Seorang pria beranjak bangun dari kasurnya. Punggungnya tak mau lama-lama lekat dengan tempatnya bermimpi atau hanya terlelap. Selangkah kemudian, dilihatnya seseorang laki-laki. Janggutnya agak semarak, matanya masih kecil terpejam dan mengerjap, berkeriapan di antara bulu mata hitamnya. Bibirnya yang tebal dan kering mulai diusili rambut-rambut hitam di bawah hidungnya, kumisnya sudah lama tidak bersua dengan pisau cukur. Di atas kumisnya yang tipis tapi mulai mengusili bibirnya itu, dua lubang hidungnya yang tampak penuh juga dengan rambut-rambut hidung. Beberapa di antara rambut itu menjuntai, perak keputihan, tak diurusnya. Pipinya tidak tirus, tapi juga tidak mengembung.

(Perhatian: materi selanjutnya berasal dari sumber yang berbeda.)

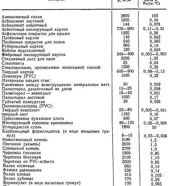 Ниже приводится таблица с удельной теплоемкостью некоторых распространенных строительных материалов: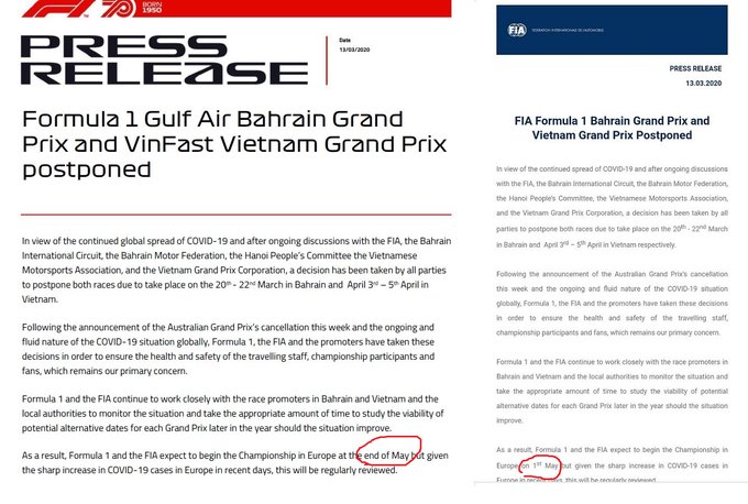 Formula 1 season. First, the Australian Grand Prix was postponed due to the coronavirus. This afternoon it was also announced that the Grands Prix in Bahrain and Vietnam have also been postponed to an as yet unknown date. In the statement of the FIA and the F1 different dates are mentioned about the beginning of the season.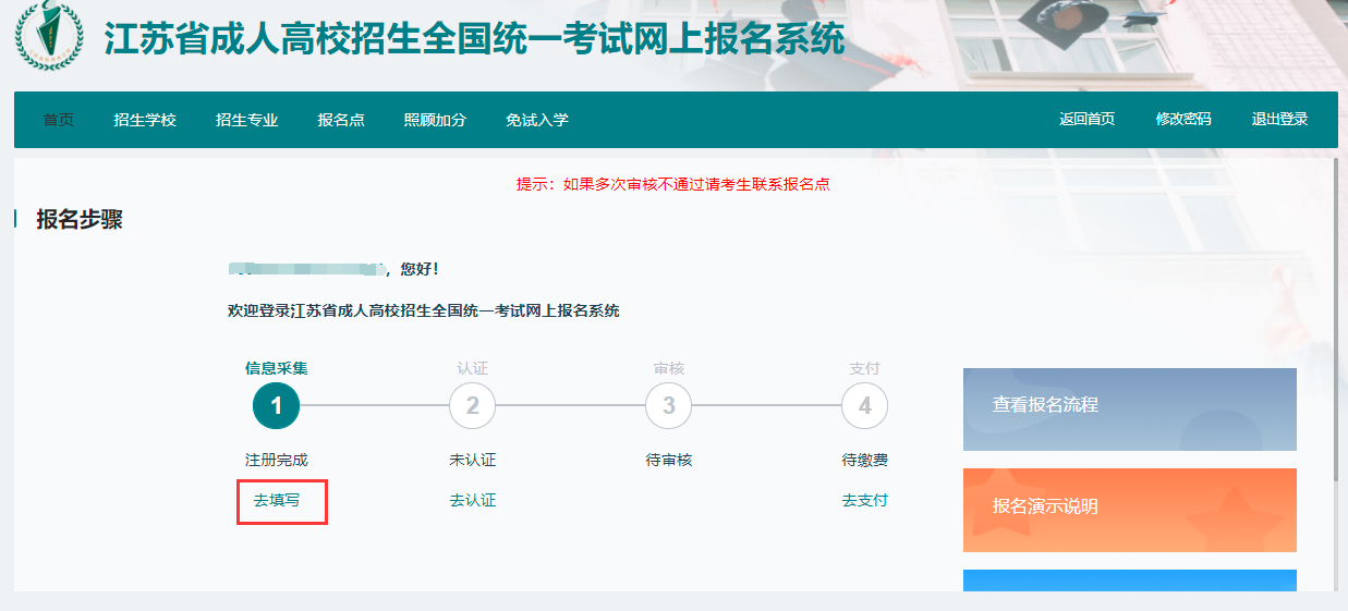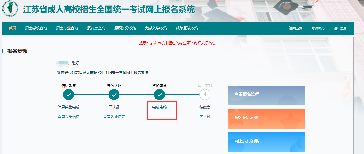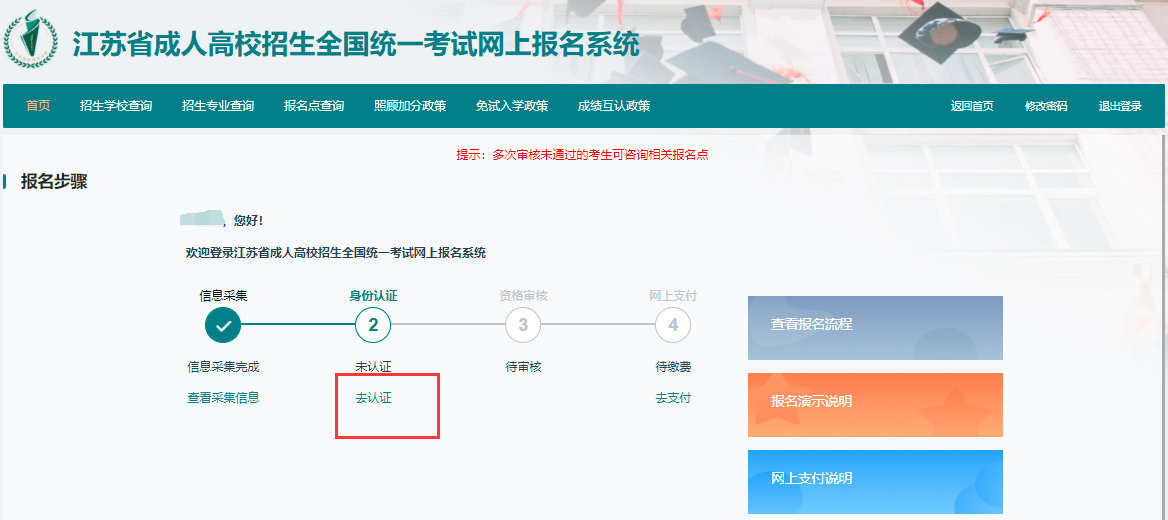特殊类考生(医学类、免试生、照顾加分、专升本学历认证未通过、没有身份证的考生)在线认证未通过的考生需要持相关审核材料进行现场认证。普通考生及资格审核通过的考生可直接进行支付。上传材料后请等待管理员审核意见,再进行下一步操作,认证通过的考生可进入下一步进行支付,认证不通过的考生耐心等待管理员审核意见;如多次审核不通过可联系报名点。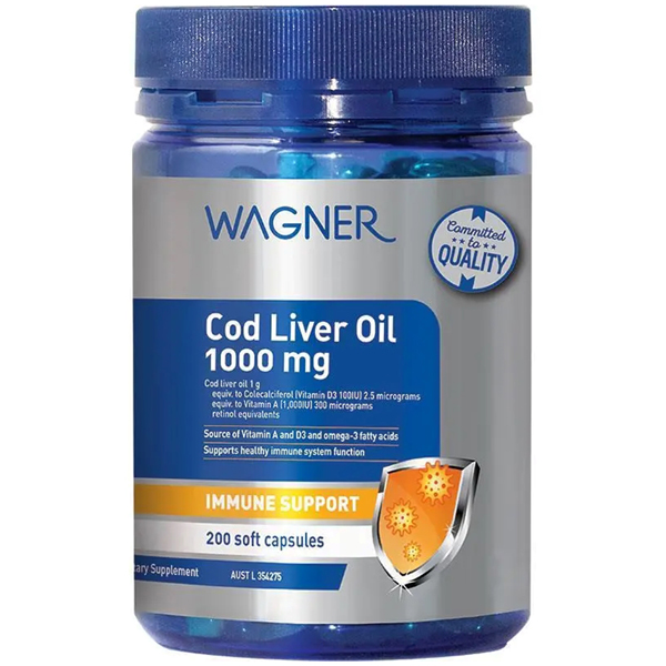 Cod Liver Oil provides a natural source of Vitamins A and Vitamin D, both of which support immune system health and support healthy immune system function. Wagner Cod Liver Oil 1000 mg is supplied in the convenience of capsules.

“Tiga dekade sudah, dan kau masih bernafas. Apa saja yang sudah kau lakukan? Untuk siapa?”
Pertanyaan terakhir dulu diteriakinya. Sekarang jarang digubrisnya. Sudah lewat masanya, katanya.
Ajal dulu dinantikannya, mau jadi legenda pikirnya. Sekarang ia sudah jadi insan yang meminta ditunda.
Takut.
Ia sekarang kenal takut. Pikirnya mau berkata-kata bijak tentang ketakutannya, tapi ia merasa sudah cukup dewasa untuk merasa dan tak merasa perlu menantang bahaya untuk terlihat jawara.
Kadangkala ia iri dengan kanak-kanak. Mereka terlihat sederhana, tak berputar-putar, berbicara karena mengindera dan apa adanya. Masih jenaka, kerikil pun bisa buat mereka tertawa. Tak perlu banyak kriteria, mereka hanya menerima...atau menolak. Mereka bertindak.
Tapi itu “kadangkala” saja.
Ia merasa cukup ajeg dengan dirinya, tapi ia sadar hidupnya sudah bukan miliknya seorang. Pandangannya masih melihat yang tak dilihat matanya tapi tangan dan kakinya tak dibiarkannya tak menyentuh yang harus disentuhnya.
Ia bekerja.
Melalui pekerjaannya, ia sadar martabatnya. Ia bukan lagi binatang rumahan yang menunggu majikannya memberinya makan. Ia bekerja untuk hidup dan hidupnya untuk menghidupi tempatnya berikrar janji. Ia tak selalu berhasil dalam apa yang direncanakannya, tapi sampai saat itu, ia terus bangun dan berusaha. Gagal, jatuh, bangun. Ia insaf, perjuangannya hari ini benar-benar nyata dan terasa--bukan lagi remaja yang mencoba berontak dan berbeda untuk buat orang terkesima--ada mitokondria-mitokondria yang butuh glukosa untuk dioksidasi menjadi energi dan digunakan sel-sel lain dalam tubuhnya dan orang-orang terdekatnya. Lebih dari soal berpangan, bersandang, dan berpapan; semua itu perjuangan untuk hidup yang menghidupi cita-citanya bersama, yang bukan lagi untuk dirinya sendiri.
Kancing paling bawah kemejanya dikatupkan Sebuah kotak biru dibukanya, sejurus kemudian sebuah lingkaran keemasan menggenggam jari manis tangan kanannya. Arlojinya memeluk pergelangan tangan kirinya. Telapak kakinya sudah bersembunyi di balik sepatu coklatnya.
Ia berangkat, menjemput martabatnya.